Now he is extending that foothold to Delray Beach, where Double Knot is headed to Atlantic Avenue this spring in a project involving Philadelphia developers Ira Lubert and Dean Adler. For Schulson, Florida offers both opportunity and complexity: a market fueled by population growth, wealth migration, and constant activity, but with rhythms and tastes distinct from Philadelphia’s.

“There’s a lot of businesses moving down there, especially from New York — hedge funds, banks, institutions — and that’s been good,” said Schulson, who recently opened a Double Knot in Manhattan. “Now it’s cooled down from that, but it’s still a very busy market.”

Those differences show up most clearly on the plate, he said. In Philadelphia, diners may lean into richer and heavier dishes, especially in colder months. At the Miami Double Knot — down the block from Starr’s Pastis — the appetite is for lighter and fresher options, with Japanese dishes shaped in part by local Latin influences, including crudos, sashimis, tuna, and yellowtail.

That flexibility may help explain South Florida’s appeal. The concepts that seem to travel best are the ones that can adapt to climate, clientele, and setting without losing their identity.

The competition is keen, particularly in Palm Beach County, where Magrogan has Jupiter Grill, a modern steakhouse on the water. “There is always a new, very well-done, very shiny new restaurant,” he said. “There’s such a fever pace down here and a lot of favorable business conditions — but rent is not one of them.”

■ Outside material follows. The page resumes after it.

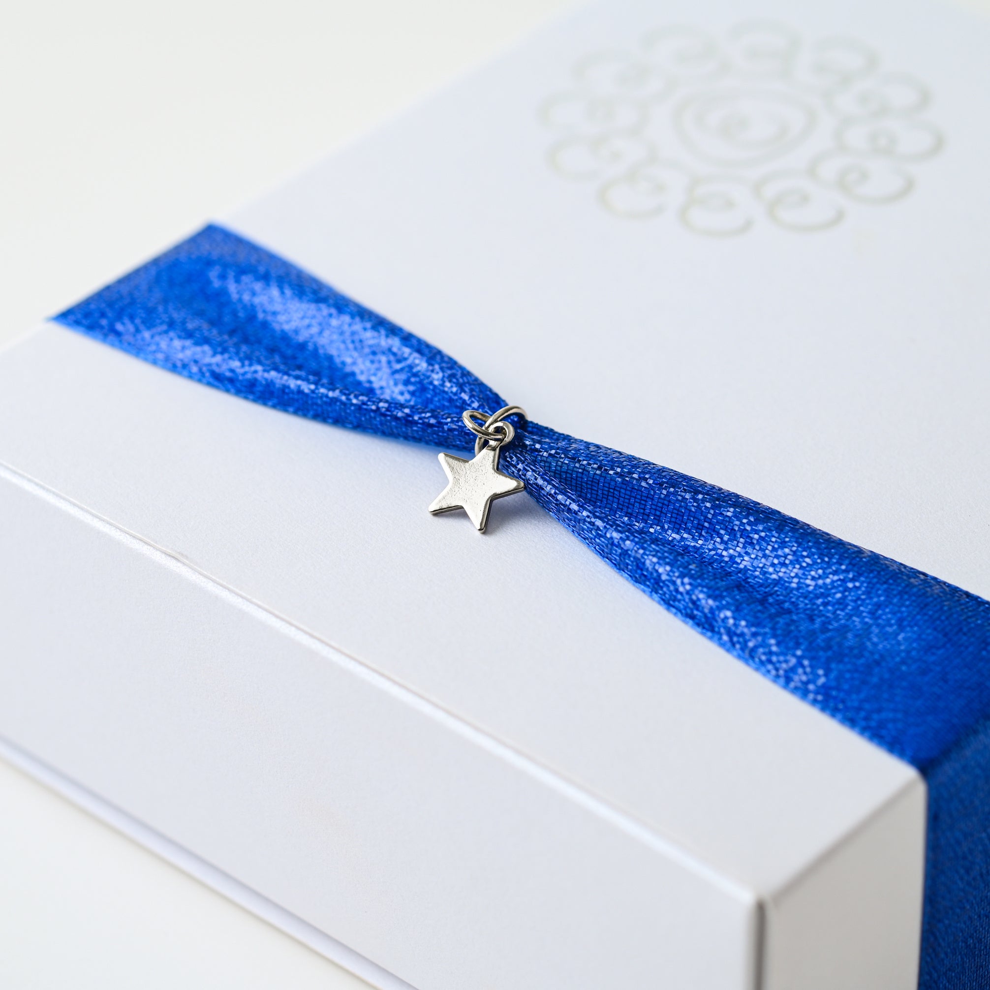 天の川を模したブルーリボンに星が一粒煌めくチャームをつけた特別パッケージは、7月7日七夕までの限定販売となります。日頃の感謝を伝えるプレゼントや夏のお手土産にぜひご利用ください。

The Philadelphia-to-Florida connection is not new. In 1993, Steve Martorano left Northeast Philadelphia, where he owned Steve’s Ristorante (later renamed Macaroni’s), to open Cafe Martorano in Fort Lauderdale. In 2008, Barry Gutin and Larry Cohen went to Orlando to open their third Cuba Libre, the restaurant and rum bar also in Old City and Atlantic City. Last year, the Pashalis family opened a Naples branch of Estia, their upmarket Greek restaurants in Center City, Radnor, and Marlton.

What feels different now is the concentration of activity and the prominence of the names involved in South Florida. These are not one-off experiments so much as deliberate plays by operators with strong hometown brands and ambitions beyond the region.

“People are happy there,” Starr said. “The palm trees, the beach — it just has a great energy.”